Book of a lifetime: The Pursuit of the Millennium by Norman Cohn
From The Independent archive: Bettany Hughes delves into the history of Millenarianism
One year, my mother inherited £500. This was a princely sum. My parents put the money towards a tiny, flint-faced cottage on the Kent coast. Their hope, a regular injection of sea air into the lungs of our urban childhood. And indeed religiously, every holiday and half-term, we would wind our way down (fewer motorways then) to the seaside town of Hythe.
The routine was simple. Long walks to the fishing beach, illicit trespasses with knee-high boyfriends onto the nearby firing range, icy dips in the Channel, wrap up warm, then read by the fire or al fresco. I must have made it through well over 500 books on that stony stretch of coastline. The view was British down to the last cast-iron lampost and Cornish-wafer ice cream, but the miles I covered in my head stretched beyond thousands.
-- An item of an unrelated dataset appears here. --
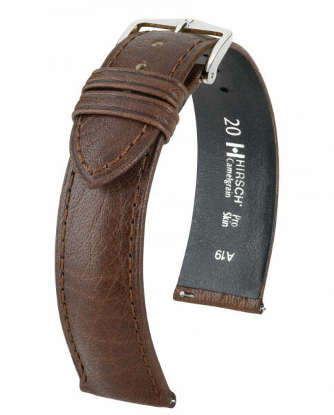 Az óraszíjak érzékeny bőrű szerelmesei szeretik a HIRSCH Essential termékcsalád klasszikus bőrkímélő termékét. A Hirsch Camelgrain robusztus borjúbőrből készül, amely a rostmélységig dobfestve van és HIRSCH Pro Skin védőbevonattal van ellátva. A Pro Skin eljárást a bécsi University Skin Clinic-kel együttműködésben fejlesztették ki, és bőrgyógyászatilag tesztelt rendszer. A Hirsch elegáns dombornyomott vonalai az óraszíjon, a finom tónusú varrás és a finom zsugorszemcsék a felületen harmonikusan teszik teljessé ennek az óraszíjnak a koncepcióját. A HIRSCH gyorskioldó rendszer biztosítja, hogy Ön könnyedén cserélje ki és szerelje össze az óraszíjat. Ehhez nincs szükség további eszközök beszerzésére. Használja letölthetőméretezési segédletünket
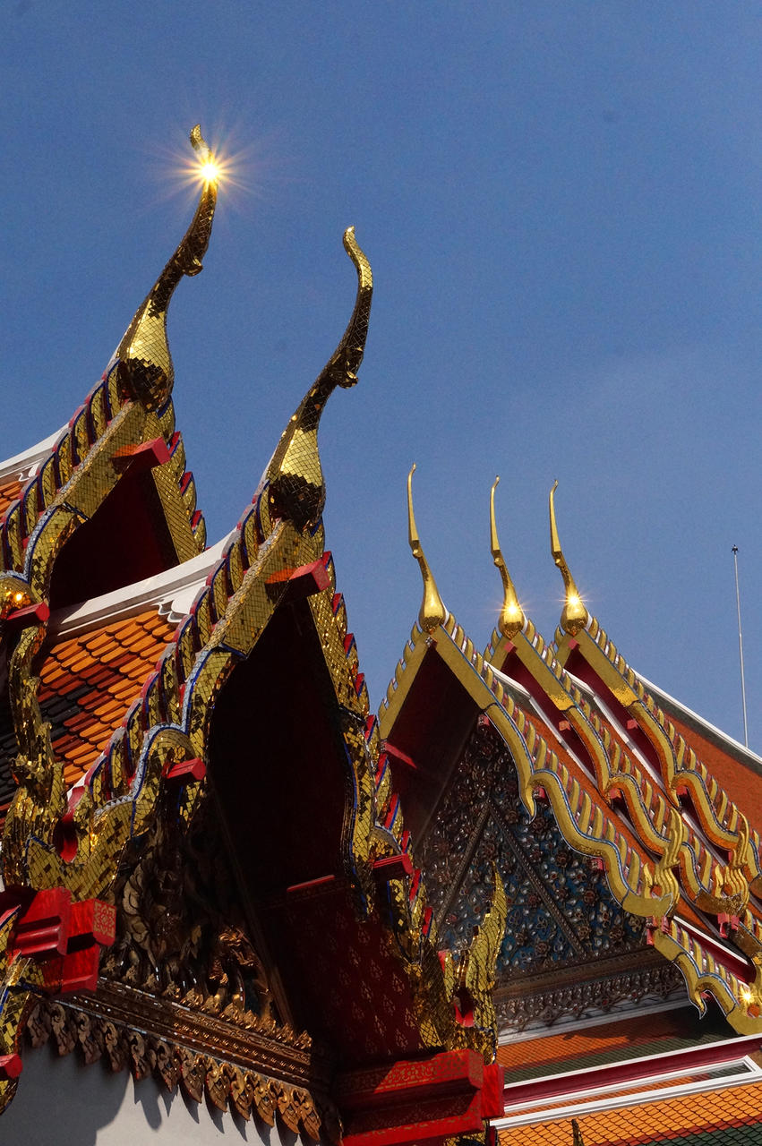 Irgendwann war uns der Trubel im Palast einfach zu viel. Man hat das Gefühl, dass zur Zeit sämtliche asiatischen Nationen auf Urlaub sind. Und wie wir wissen, sind das seeeehr viele Menschen . Um zum nächsten Ziel - dem Wat Saket - zu kommen, haben wir einen längeren Fußmarsch in kauf genommen - auch wenn uns wieder unzählige Tuk Tuk Fahrer angequatscht haben - nein danke! Der Wat Saket (auch golden mountain). Auf einem 79 hohen, künstlich aufgeschütteten Hügel, liegt diese älteste buddhistische Tempelanlage Bangkoks. Da sich dorthin nicht sehr viele Touristen verirren, haben wir die Stille und den Rundumblick auf Bangkok genossen.

When I was 15, I borrowed (permanently) from the school library a disintegrating copy of Norman Cohn’s The Pursuit of the Millennium. I’d never gone abroad, but Cohn’s tightly printed pages sang of an exotic European world. This was a history book – of the best kind. Investigating the Millenarian fantasies of the Middle Ages, Cohn uncovered a landscape where emotion and attitude were more powerful than high politics. I devoured the tales of flagellants and choreomaniacs, who whipped or sang themselves into frenzies of eschatological expectation.